If they fell 30 feet, they also fell from 20 feet and from 10 feet (throw "cumulative" into the description, maybe). Characters named Zeno take infinite damage when they hit the ground (but fortunately they never actually fall that far).

**Bren**:

--- Quote from: rawma;813335 ---If they fell 30 feet, they also fell from 20 feet and from 10 feet (throw "cumulative" into the description, maybe).

--- End quote ---

Or just use a math formula with an example. Mathematicians invented all those nifty symbols to clearly and succinctly cover this exact case. Why not use the symbols (plus example) when that would clarify the sloppy language?

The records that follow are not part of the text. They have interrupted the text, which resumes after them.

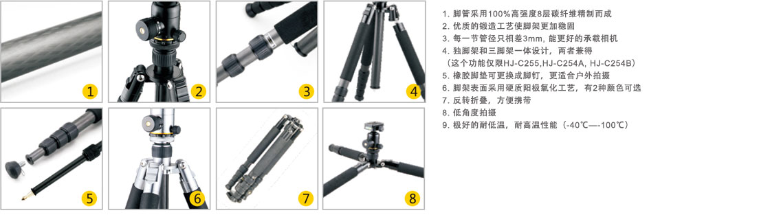 这个合捷系列碳纤专业三脚架采用高强度铝合金锻造而成,具有强度高,稳定性好,机动能力强等特点。
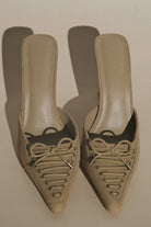 The JOANNE Suede Lace Up Heels blend timeless sophistication with a modern edge. Designed with a pointed toe and mule fit, these heels offer a sleek and versatile silhouette. The eyelet lace-up front detail adds a bold, unique touch, while the soft suede finish and stiletto heel complete the look with understated luxury. Perfect for elevating any ensemble, these heels are a must-have for effortlessly chic style.
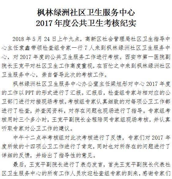 枫林绿洲社区卫生服务中心 2017年度公共卫生考核纪实
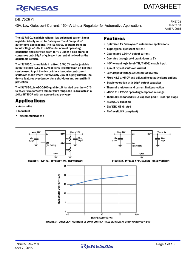 ISL78301FVEAZ-T, ISL78301FVEAZ-T7A, ISL78301FVEBZ, ISL78301FVEBZ-T, ISL78301FVEBZ-T7A, ISL78301FVECZ, ISL78301FVECZ-T, ISL78301FVECZ-T7A, ISL78301

--- Quote ---Characters named Zeno take infinite damage when they hit the ground (but fortunately they never actually fall that far).

--- End quote ---

Zeno takes damage per each half unit of the remaining distance not per ten feet. Fortunately since he only falls half the remaining distance per combat round, it takes him an infinite number of combat rounds to hit the ground. Most people don't realize that Zeno started falling in Dave Arneson's very first game session, but no one (not Dave, not Gary, not any other old geezer) has run a campaign long enough for Zeno to hit the ground.

Yet.

**rawma**:

--- Quote from: Bren;813368 ---Or just use a math formula with an example. Mathematicians invented all those nifty symbols to clearly and succinctly cover this exact case. Why not use the symbols (plus example) when that would clarify the sloppy language?

--- End quote ---

Principia Mathematica - the first fantasy heartbreaker. Pretty much soured the hobby on mathematical notation, especially with the greater success of its rival, Little Wars.

**Bren**:

--- Quote from: rawma;813375 ---Principia Mathematica - the first fantasy heartbreaker. Pretty much soured the hobby on mathematical notation, especially with the greater success of its rival, Little Wars.

--- End quote ---

The Principia as a fantasy heartbreaker is clever. :cool:

Although I was thinking of something earlier and more integral to mathematical notation and the solution of both Gary's problem and Zeno's, namely the works of Newton and Leibniz on the summation of series and the calculus.

**rawma**:

--- Quote from: Bren;813382 ---Although I was thinking of something earlier and more integral to mathematical notation and the solution of both Gary's problem and Zeno's, namely the works of Newton and Leibniz on the summation of series and the calculus.

--- End quote ---

Oh, indeed, their Prioritätsstreit makes Gygax and Arneson look like underachievers in the squabbling arena. But Σ for summation was Euler's notation introduced later; intriguingly, Euler also introduced i (crucial to beholders), and dice notation in a little known monograph, Advanced Deltas and Derivatives, although some suggest he borrowed it from Descartes ("salvabo ergo sum").